『うーむ……確かに。戦争に入る前にレベルは上げておきたい……』
『日数は余りまくってるから、蝕を喚ぶか?』
『蝕は喚んでおこう。24時間化したマス・レッサー・ヴィゴーがあれば連戦もいける』
『あ、24時間化だけど、リサイテイションにしないか』
『リサイテイション……攻撃、AC、セーヴに+3幸運ボーナス……!?』
『なん……だと……!?』
(※蝕を喚ぶ:経験点目的にランダムエンカウントを誘発する事を指す某所の造語。大抵裏目に出る)

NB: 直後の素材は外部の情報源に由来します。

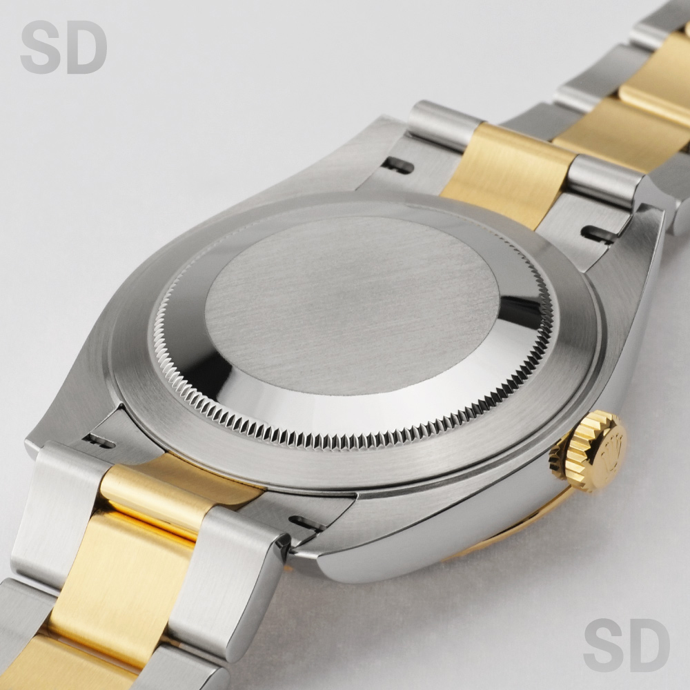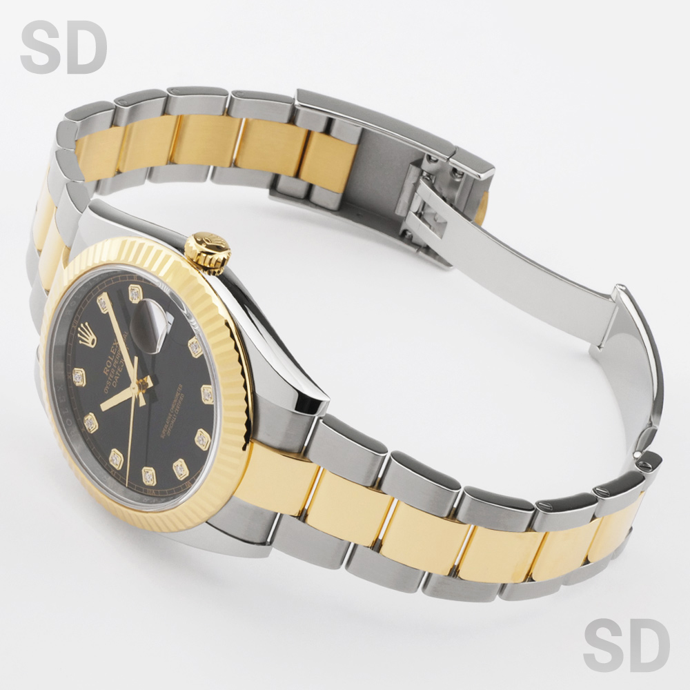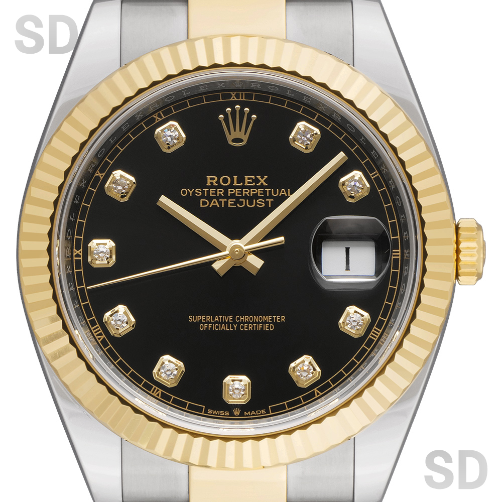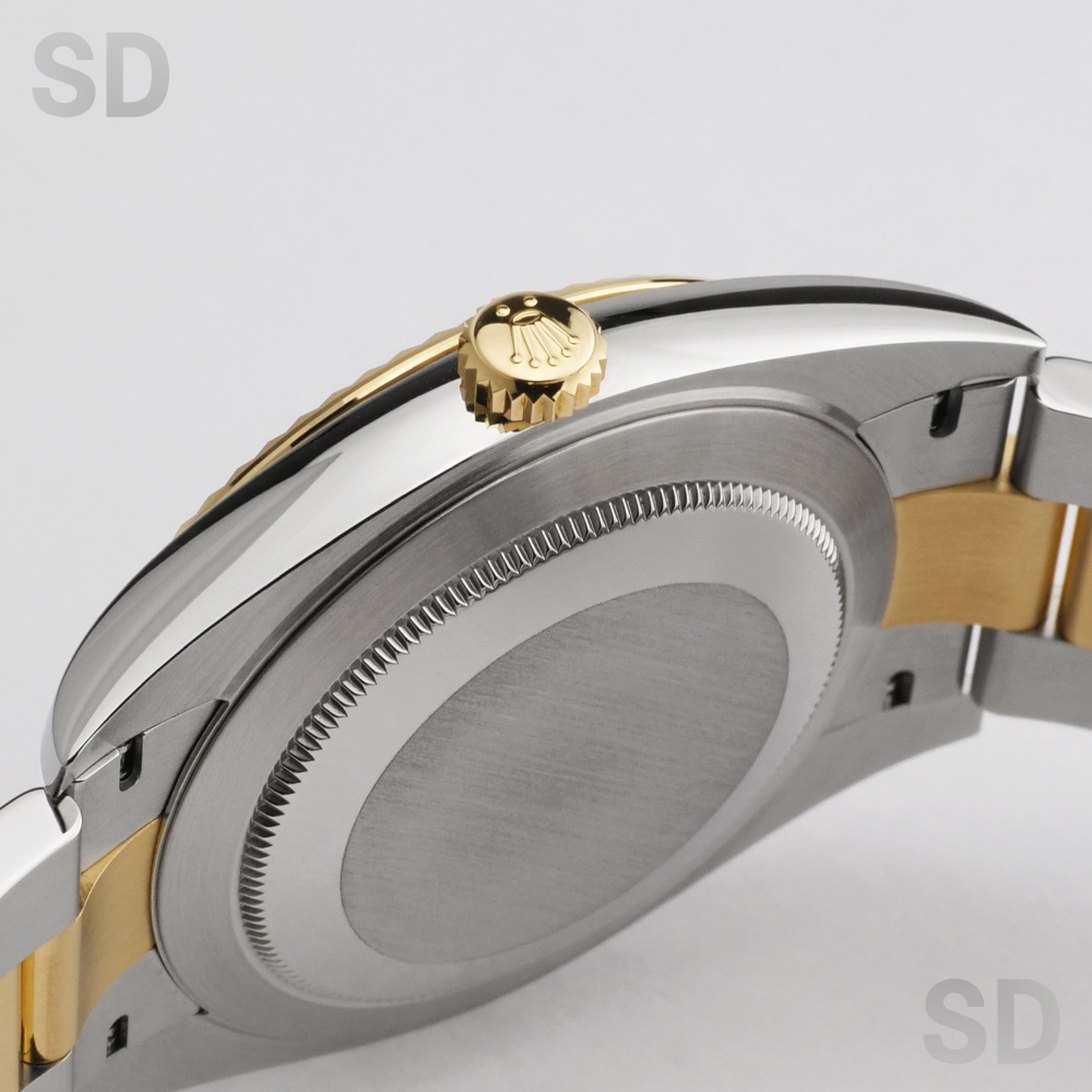 本モデルは、18Kイエローゴールドとステンレススチールを組み合わせたロレゾール(コンビ)仕様を採用。放射状に刻まれた立体的なカットのフルーテッドベゼルに、堅牢性の高いオイスターブレスレットが装着され、サンレイ仕上げが施されたブライトブラックダイアルにはダイヤモンドインデックスを配した、上品な輝きと華やかさを兼ね備えた表情が魅力の一本です。
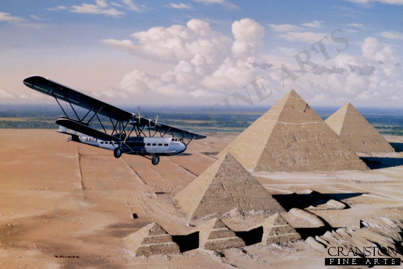 The Handley Page H.P. 42 biplane airliner had a reputation unmatched in its day for reliability, safety, and passenger comfort. Imperial Airways, the British flag carrier during the between war period, was one of aviations pioneers when it came to establishing long range commercial air services. With the British Empire spanning the globe, effective long distance air service was important in linking both former and current colonies. In 1928 Imperial solicited proposals for a long distance airplane capable of flying the London to India air mail route. Handley Page won the bid for a total of eight new airliners. The large bi-plane design which was agreed upon had four radial engines, with two mounted on the upper wing and two on the lower wings on each side of the fuselage. With its triple finned tail assembly, this huge biplane was quite something to see. Despite its antiquated appearance the H.P. 42 had a very impressive passenger compartment which was quite luxurious. Inlaid wood paneling, twin lavatories, a full galley, comfortable seating, passenger ventilation controls, and wide windows gave the H.P. 42 ambiance comparable to some of the ocean liners of the day. The slight kink in the aircrafts fuselage gave rise to its flying banana nickname. Four aircraft were built for Imperials eastern route structure, which included the India and South Africa routes. These aircraft were powered by 9-cylinder 550-HP Bristol radials. The other four aircraft were utilized for the London-Paris shuttle and other continental routes, and were powered by a different engine, and contained a total of 38 passenger seats instead of the 24 passenger configuration for the longer routes. The H.P. 42 had a corrugated metal skin similar to both the Ford and Junkers Tri-motor designs of that era. With a cruising speed of only about 100-MPH the passenger amenities on these aircraft were greatly appreciated, especially if a stiff headwind was encountered. The aircraft, with its large wing area, had an incredibly short take off capability, and could become airborne in only 600 feet. As depicted in Stan Stokes painting Hannibal passes over the Pyramids in Egypt on its approach into Cairo, one of the stop over points on the London to India route. This journey would take more than six days, with no flying at night. Occasionally these aircraft would make stops at unattended desert fuel depots in order to refuel. These aircraft were in service for about eight years, with most of them attaining more than one million flight miles. The eight aircraft in the fleet, Hengist, Helena, Horatius, Hannibal, Heracles, Horsa, Hanno, and Hadrian chalked up more than 100,000 flight hours covering more than 10 million miles. Only one aircraft was lost in a fatal accident, as Hannibal disappeared over the Indian Ocean while being ferried back to England.
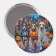 Perros de ganado australianos adorables vestidos con juguetones disfraces de Halloween llevan baldes de calabaza mientras truco o truco bajo el cielo iluminado por la luna. Este diseño festivo destaca el abrigo de la raza, los ojos inteligentes y el espíritu energético, capturando perfectamente la atmósfera espeluznante y divertida de la noche de Halloween. Una animada celebración para los amantes del perro y los hinchas de Halloween por igual.

(プレイ結果を元に捏造分が含まれています。ご注意ください)
「……半信半疑だったが」
「現実になるとは思わなかったな」
翌日、我々の手元には経箱があった。
牙で作られた首飾りのようなそれからは、死霊術に疎い私にも判るほどの力が感じられる。
ミハは「上手に盗み出してきた」と言ったが、私にはそうは思えなかった。
昨日、アルワイは経箱を手放すつもりだと言っていた。
赤手どもは一度ミハを捕らえておきながら、わざわざ経箱を与えて開放したのだ。
……なぜだ?
経箱を持ち続けていれば、死霊王本人を動かす事もできたはずだ。
竜魔将共は、わざわざ切り札を捨てた事になる。
それとも、経箱を持ち続け……死霊王を”使う”事に、何か問題があったのか?
アルワイの口調からすれば、死霊王を完全に制する事はできていなかったようだ。
いつ牙を剥くか分からない死霊王よりは、ボーンドリンカーの方が使いやすいと考えたのだろうか。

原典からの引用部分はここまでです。